Students, parents, staff members, and community leaders gathered at the academy on Thursday to honor the civil rights activist and labor organizer, but they also expressed outrage over a proposal by a Tea Party congressman to change the name of Cesar Chavez Day to Border Control Day.
In a tweet March 20, Rep. Louie Gohmert, R-Texas, said he has filed a resolution in the U.S. House to change the name because “Chavez spent his life addressing the harmful effects that illegal migration might have on this country and advocating for a legal immigration process.”
Arizona House Minority Leader Rebecca Rios, D-Phoenix, who was present at the celebration, said Gohmert’s proposal is unnecessary and insulting.
“Today is a day to celebrate Cesar Chavez and his legacy, and for those folks that would like to rename the holiday, I would question their motivation, and I would say they’re manipulating history,” Rios said. “Today is a day that many Latinos are very proud to celebrate on behalf of Cesar Chavez, and we will fight to keep it Cesar Chavez Day.”
Sofia Miranda, an eighth-grader at the academy, also opposes the name switch.
“I wouldn’t support it because I think that the name he has in mind for Cesar Chavez Day, I think it has a negative connotation to it, because nobody wants to hear about borders,” she said. “It’s not about that. It’s about what he did.”
Principal Andrea Groeninger said the commemoration is an annual tradition at the school, taking place just days before Chavez’s birthday, March 31.
“It starts off with an assembly that is student-planned, student-run, student-executed, followed by a parade with all of our district schools, invited guests and dignitaries, and we end with a celebration and carnival for the day,” Groeninger said.
Participants paraded around the school for a mile, cheering, chanting and holding up handmade signs that displayed drawings of Chavez and such messages as “Si, se puede!” (Yes, we can!)
Miranda said that, as someone of Mexican heritage, Chavez is particularly important to her.
“When I read stories about him and what he did, I think of what he did for the farmworkers. He fought for equality,” she said. “My family never had to work on the fields. But if my family were to, I would’ve wanted someone like him to be their voice, to stand up for them.”
Groeninger said when she thinks about Chavez and his legacy, she thinks about her students and their families.
“It’s a legacy of working for people who need a voice and being a voice of people who have often not had a voice she said.

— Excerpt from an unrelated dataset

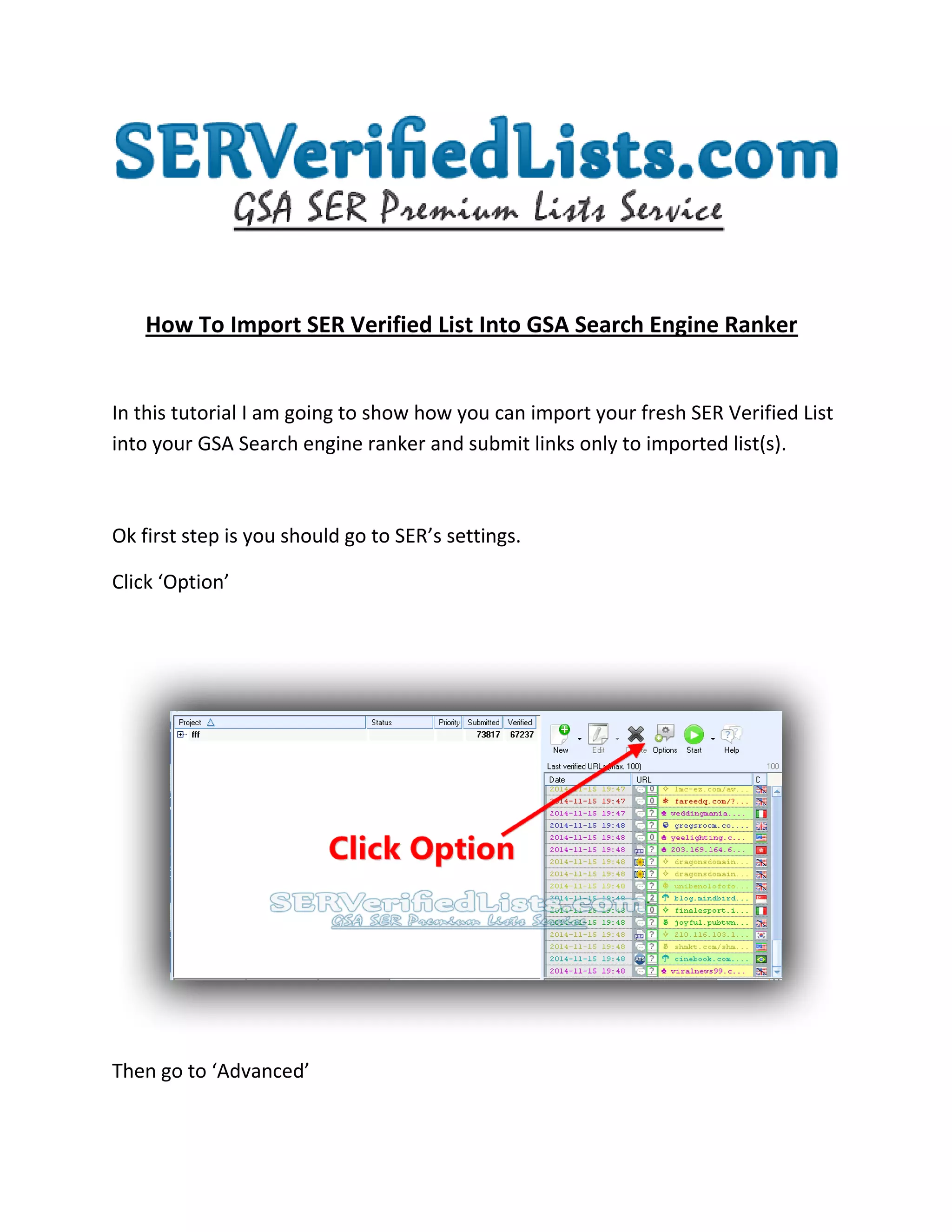 This document provides instructions for importing a SER verified list into GSA Search Engine Ranker and configuring projects to only submit links from the imported list. The key steps are:

And he was successful at doing that and did it through nonviolence, did it through organization, did it through communication, and that is the legacy that we honor.”
Adopting the name Gohmert proposed would unjustly represent Chavez, Groeninger said.
“If we are calling something ‘Border Wall Day,’ we are not talking about unifying, and we’re not talking about bringing people together, we’re talking about doing the opposite of that,” she said.
“I think that that would change the meaning behind Cesar Chavez and his work.”
A vote on Gohmert’s resolution has not been scheduled.